“He has proven himself a good friend to us,” observed Tom.

“Grace Morgan doesn’t seem to have much use for Aldrich. I suppose he’ll try to break in and bid her good-by. I hear she is going away for a month or two.”

“She has gone already,” said Tom, with a conscious flush.

“Oh, is that so?”

“Yes, she left for Albion this morning, where her aunt resides. They take the steamer Olivia this evening down the coast. They are going to a Virginia Summer resort.”

“You seem pretty well informed as to Miss Morgan’s movements,” observed Ben with a wink.

“Why, yes, I saw her last evening,” replied Tom. “We are very good friends, you know, and I am naturally interested in her plans.”

Tom did not tell his chum that in his breast pocket reposed a dainty little card bearing the southern address of Grace, nor that she had made him promise to write her often about the progress he made with “that delightful wireless.”

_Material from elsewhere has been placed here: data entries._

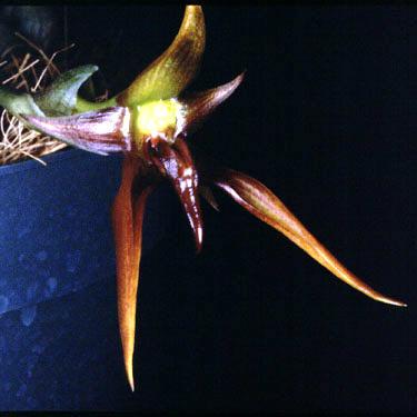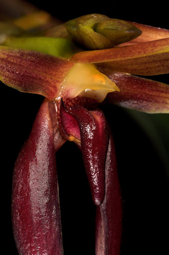 Found in the Philippines as a hot growing, miniature to small sized, epiphytic orchid with obliquely ovoid pseudobulbs carrying a single, apical, erect, fleshy, leathery, lanceolate, obtuse, gradually narrowing below into the channeled petiolate base leaf that blooms on a basal, erect, 3.4" [8.5 cm] long, few flowered, purple, shiny inflorescence with erect, tubular, adpressed bracts and carrying successively opening, shiny, fragrant flowers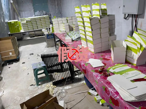 侦查取证后,当地公安部门及时执行收网行动,在2023年2月下旬某晚调动警力40余名,对犯罪嫌疑人进行抓捕。当晚共抓捕犯罪嫌疑人8人,并查获假货仓库2处。次日早上查获生产车间及包材和原材料库1处,物流发货库1处,高档精品库1处。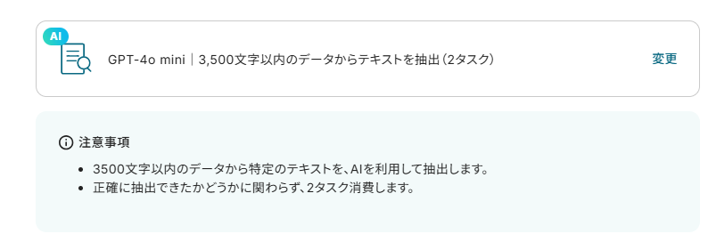 テキスト抽出に使うAIの設定はそのままで構いません。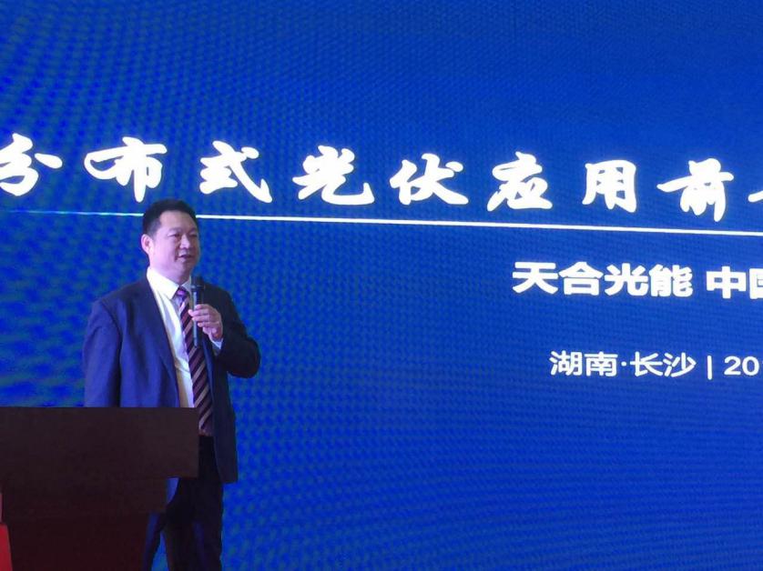 天合光能(北京)系統(tǒng)集成有限公司總經(jīng)理楊軍、天合光能(北京)系統(tǒng)集成有限公司湖南公司總經(jīng)理吳玉玲受邀出席。楊軍作為天合光能商用團隊的負責(zé)人發(fā)表演講,從光伏電站的產(chǎn)品、安裝、運維、收益、環(huán)保效應(yīng)等方面,說明專業(yè)的工業(yè)級電站對于光伏扶貧的重要意義,分享了天合商用在光伏扶貧領(lǐng)域的探索和經(jīng)驗。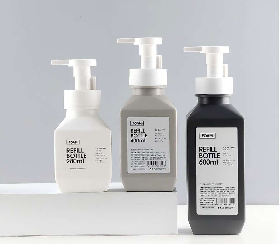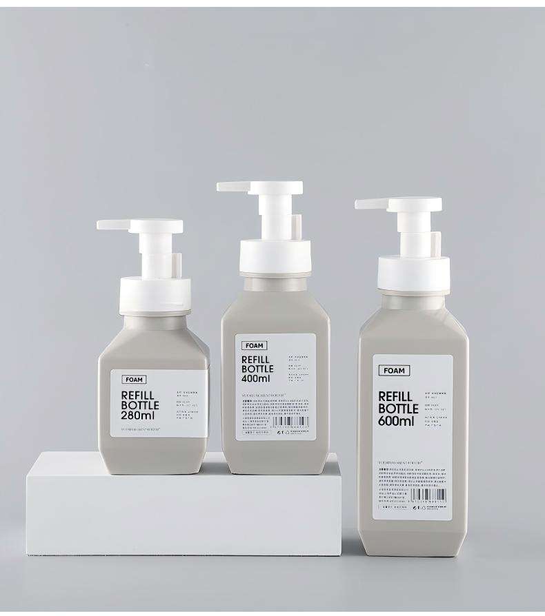 ขวดปั๊มสบู่เหลว 280 มล. 400 มล. 600 มล. ขวดปั๊มโฟมทรงเหลี่ยม ขวดโลชั่นทรงเหลี่ยม HDPE บรรจุภัณฑ์สำหรับผลิตภัณฑ์ดูแลผิว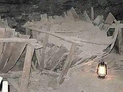 The cave was used since before 1835 as a source for nitre (saltpeter) for the manufacture of gunpowder. During the American Civil War, Confederate soldiers under the command of General Robert E. Lee again mined the cave for nitre. The cave today has the nation's largest collection of Civil War-era saltpeter hoppers. Studies have shown the cave dirt is high in calcium nitrate, which was turned into potassium nitrate using these hoppers.[7]

“I say, there is another one of those balloons,” exclaimed Ben suddenly; “a red one this time. She’s lighting. No, she isn’t. Yes, she is, but in the water. Tom, I’m curious about the tags all of those balloons seem to have attached to them; I’m going to make a try to get one.”

Ben bolted from the tower. Tom went to the window to watch his manœuvres. Ben reached the shingly beach, and was reaching out into the water with a long tree branch, trying to hook in the now exhausted balloon without getting his feet wet.